Posted by Matt Postiff February 2, 2012 on Matt Postiff's Blog under Church 

Our local church membership process is quite simple. We essentially ask the candidate to publicly answer four questions: Are you saved? Have you been baptized by immersion since you believed? Do you agree to subscribe to the doctrine and constitution of the church? And are you conducting yourself generally as a Christian? If a credible "yes" is given to all four questions, the church votes to receive the person into membership. Actually, our membership class explains all of this in great detail in four sessions, followed by a time of sharing testimonies with the church board.

To those common-law members who may object to this simple process of membership, here are some thoughts: Isn't checking up on a person's salvation testimony a wise thing to do? Shouldn't we safeguard the gospel and the local church by asking a few select questions? Church discipline is a safeguard for the church after a member has entered; the membership questions form a safeguard for the church on the incoming side. Both are fallible processes, but shouldn't we make some attempt through a formal process? If the church membership is asked to vote in order to add a member, shouldn't they be assured that the person applying for membership is in agreement with them on the basics? Such agreement would have to be publicly testified for the church to accept it.

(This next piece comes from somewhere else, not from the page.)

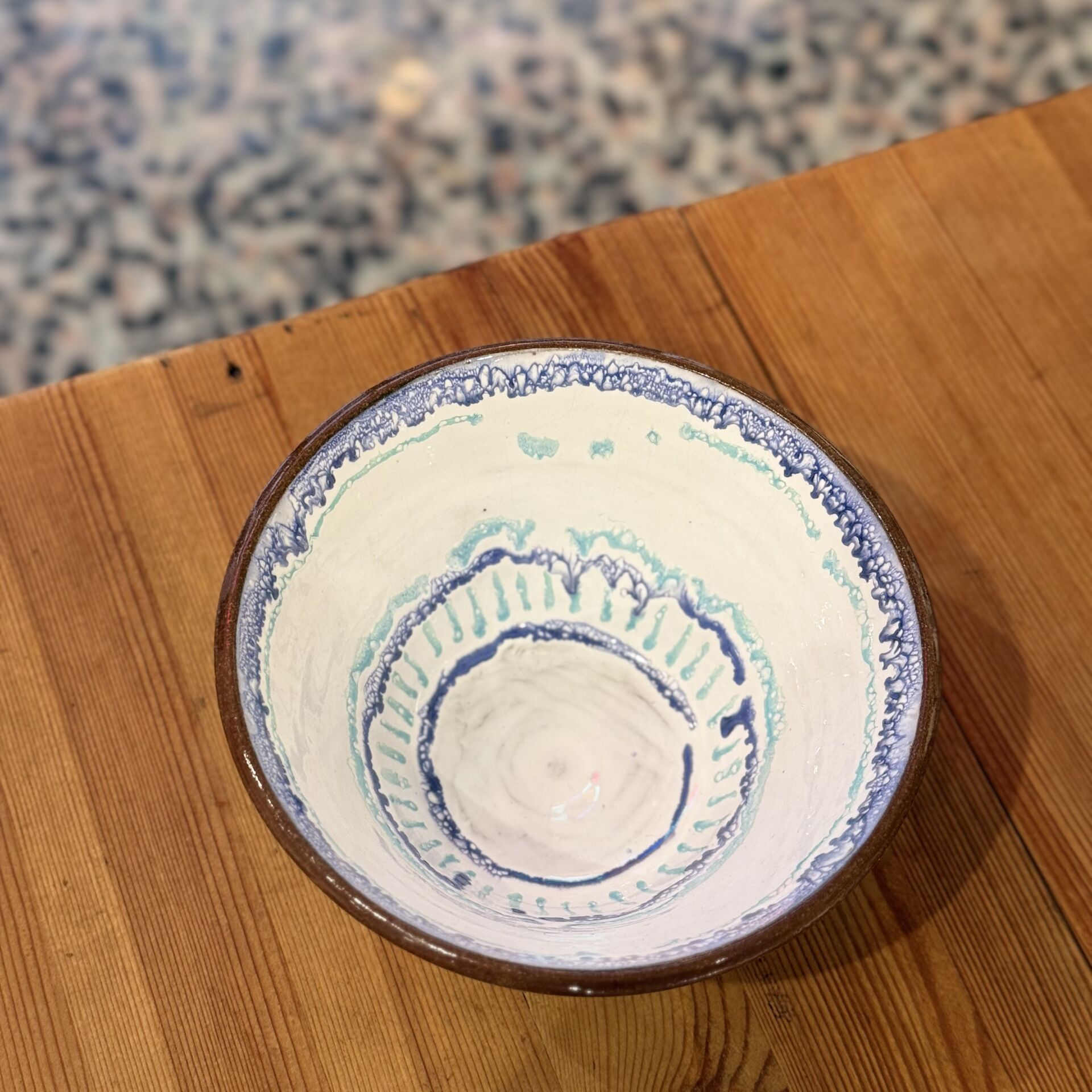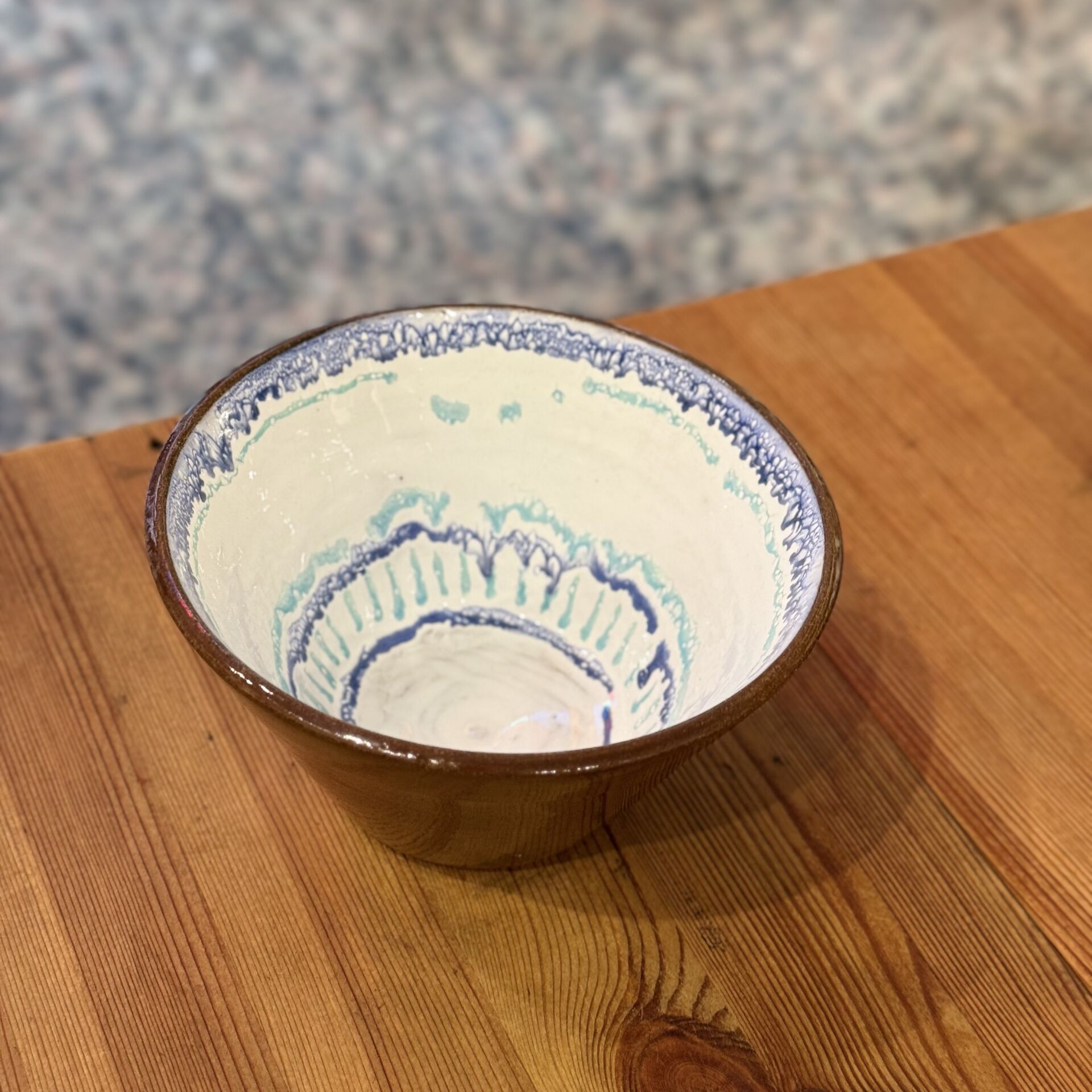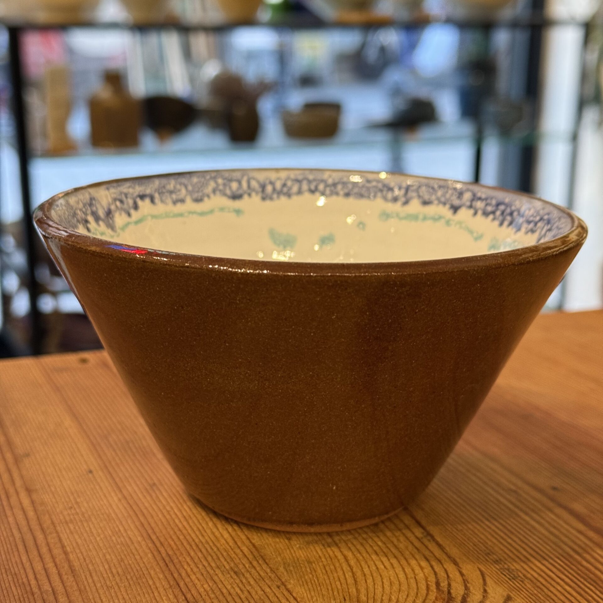 13 cm çapında 7,5 cm yüksekliğinde, kahverengi, içi renk desenli V form seramik kase.

So, what should we do about those who are not willing to publicly give a positive response to these four questions? Some people languish in that state so long that a third category like a common-law member seems practical, even if not ideal. Christians are not supposed to somehow float along with no connection to a church family. The fact is that these people share in many things of the church--worshiping, hearing the preaching of the Word, giving, sharing meals, doing mundane tasks around the church, their names are in the church directory, etc. Some things they cannot do, of course. The kicker for me is that as a pastor I feel some responsibility toward them, and I actually exercise shepherd oversight and care for them as much as possible. So, they are kind-of-members but not full members. Maybe they are being silly, or even sinful, in their refusal to commit to membership, but then again there are a lot of other ways our official members can be silly or sinful and the pastor still shepherds them.